> [SUPPLIED RECORDS]:

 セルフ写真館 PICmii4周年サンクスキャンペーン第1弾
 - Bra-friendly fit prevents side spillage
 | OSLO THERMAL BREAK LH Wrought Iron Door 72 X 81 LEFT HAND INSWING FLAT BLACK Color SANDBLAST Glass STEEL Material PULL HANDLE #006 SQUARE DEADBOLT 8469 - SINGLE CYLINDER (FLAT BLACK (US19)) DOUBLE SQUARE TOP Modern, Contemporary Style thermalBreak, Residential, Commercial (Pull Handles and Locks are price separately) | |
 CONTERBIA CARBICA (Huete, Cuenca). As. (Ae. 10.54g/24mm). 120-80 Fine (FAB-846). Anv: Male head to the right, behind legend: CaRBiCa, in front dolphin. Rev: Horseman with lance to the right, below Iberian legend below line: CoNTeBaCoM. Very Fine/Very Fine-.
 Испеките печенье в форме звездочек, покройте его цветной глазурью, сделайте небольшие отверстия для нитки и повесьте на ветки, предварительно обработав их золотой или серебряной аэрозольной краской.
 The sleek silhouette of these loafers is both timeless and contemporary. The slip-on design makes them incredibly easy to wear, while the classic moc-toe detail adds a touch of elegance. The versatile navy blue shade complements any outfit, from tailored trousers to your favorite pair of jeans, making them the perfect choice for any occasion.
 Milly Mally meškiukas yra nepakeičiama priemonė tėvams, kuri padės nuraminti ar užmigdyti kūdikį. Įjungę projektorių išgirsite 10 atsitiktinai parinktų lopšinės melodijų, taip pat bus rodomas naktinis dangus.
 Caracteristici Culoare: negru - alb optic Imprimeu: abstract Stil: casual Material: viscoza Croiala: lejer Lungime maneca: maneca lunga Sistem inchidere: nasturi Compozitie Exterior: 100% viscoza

---

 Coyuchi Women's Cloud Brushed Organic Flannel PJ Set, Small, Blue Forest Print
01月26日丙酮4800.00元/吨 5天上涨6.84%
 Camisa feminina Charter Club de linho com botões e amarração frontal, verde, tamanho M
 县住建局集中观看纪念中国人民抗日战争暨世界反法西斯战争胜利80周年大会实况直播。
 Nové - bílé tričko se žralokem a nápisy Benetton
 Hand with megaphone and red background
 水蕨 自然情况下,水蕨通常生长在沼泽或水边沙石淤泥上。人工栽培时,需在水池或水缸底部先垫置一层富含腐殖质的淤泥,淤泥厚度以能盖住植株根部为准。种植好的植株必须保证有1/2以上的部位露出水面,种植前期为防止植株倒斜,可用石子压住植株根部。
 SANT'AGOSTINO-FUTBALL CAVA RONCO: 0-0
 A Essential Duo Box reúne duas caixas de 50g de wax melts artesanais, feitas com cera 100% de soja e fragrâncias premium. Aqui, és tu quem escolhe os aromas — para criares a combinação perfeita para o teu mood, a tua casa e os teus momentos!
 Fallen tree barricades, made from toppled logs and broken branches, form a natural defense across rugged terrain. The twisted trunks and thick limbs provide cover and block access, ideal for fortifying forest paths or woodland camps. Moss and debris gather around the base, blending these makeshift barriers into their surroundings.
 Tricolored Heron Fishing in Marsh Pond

> [TASK]: For each line of the data that has the word "these", report that line.

> [SOLUTION FOR THIS PROBLEM]:
 The sleek silhouette of these loafers is both timeless and contemporary. The slip-on design makes them incredibly easy to wear, while the classic moc-toe detail adds a touch of elegance. The versatile navy blue shade complements any outfit, from tailored trousers to your favorite pair of jeans, making them the perfect choice for any occasion.
 Fallen tree barricades, made from toppled logs and broken branches, form a natural defense across rugged terrain. The twisted trunks and thick limbs provide cover and block access, ideal for fortifying forest paths or woodland camps. Moss and debris gather around the base, blending these makeshift barriers into their surroundings.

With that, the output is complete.